Our date. Rosie seemed to retreat further and further from the world of a grown-up here and now into a past of dates and furry slippers. It must be difficult for her to integrate the persona of the sultry woman in Cigar. She was, he thought sadly, crumbling right before his eyes.

“It was your comment about Manolo Blahnik, remember? Did I think you rushed out in your Manolos and shot Kate Banks? The only person who could have told you about that supposed heel mark is Chris Cummins. She’s the only person besides the police who knew.”

“That wasn’t very smart of me.” Again, she was studying her feet.

“How did you two communicate?”

“With those toss-away mobile things.” She looked up at him then, as if he might not know. “You can’t trace calls on them.”

He nodded. “Rosie…” Her face looked small and pinched. “You’re going to have to come along with me.” Jury felt even more forlorn. He shouldn’t feel this way. She had shot two people in cold blood.

And yet it hadn’t been cold, had it? For her, probably even more than for Chris Cummins, it was all a parlor game, and his being here was the last move in it. What she said next confirmed this notion.

“I guess so. I guess I lost.” She got up. “I have to change my clothes.”

He knew he shouldn’t let her out of his sight, but he did. It was a terraced house, a second-floor flat, with no means of egress except for the door, unless she meant to throw herself out a bedroom window. He doubted she would do that.

While she was gone, Jury looked around the room, whose details now he better understood: the row of Beatrix Potter figures on the shelf of the arched bookcase, the Paddington Bear lamp, the display of shells-the accoutrements of childhood. With its high ceiling, long windows, arched shelves, the room had the bones of sophistication, but she had drawn over it the skin of naïveté.

When she walked back in, she was once again the woman who’d surprised him in Cigar. Her outfit, a blue shawl-necked sweater and straight black skirt, was not as clingy as the dress she’d worn, but it was still potent. She had applied makeup, not too much, and had traded the slippers for dark-brown-and-black-ribboned shoes with skyscraper heels.

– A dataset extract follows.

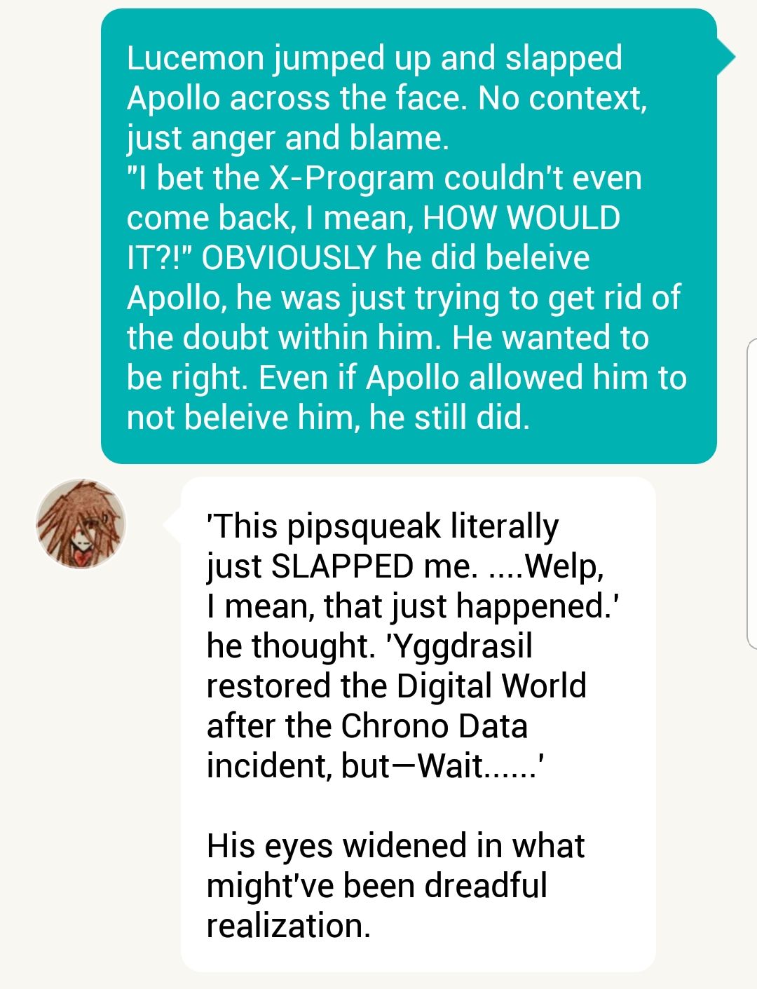Lucemon: *almost killed Apollomon and Kaze earlier*Lucemon: *slaps Apollomon across the face*Apollo: Pipsqueek.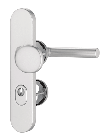 Schutz-Kombi-Wechselgarnitur Metis 8742/0272, Langschild/Rosette, 15mm, ES 1, mit Zylinderabdeckung, Profilzylinder gelocht, Entfernung 72mm, Vierkant 8mm, TS 35 - 45mm, silber, naturfarben, eloxiert

She swung the strap of a small handbag up to her shoulder. It matched the shoes. “Whose shoes, Rosie?”

“Valentino. You like them?” She held out a foot as if he were about to fit it with a glass slipper.

“I certainly do.”

“Okay, let’s go,” she said to him.

Once through the door, she locked it. She preceded him along the narrow hall that led to the top of the stairs. At one point she stumbled, the skyscraper heels proving too much even for her, but she righted herself and went on, a girl dying to be grown up, stumbling in her mother’s high-heeled shoes.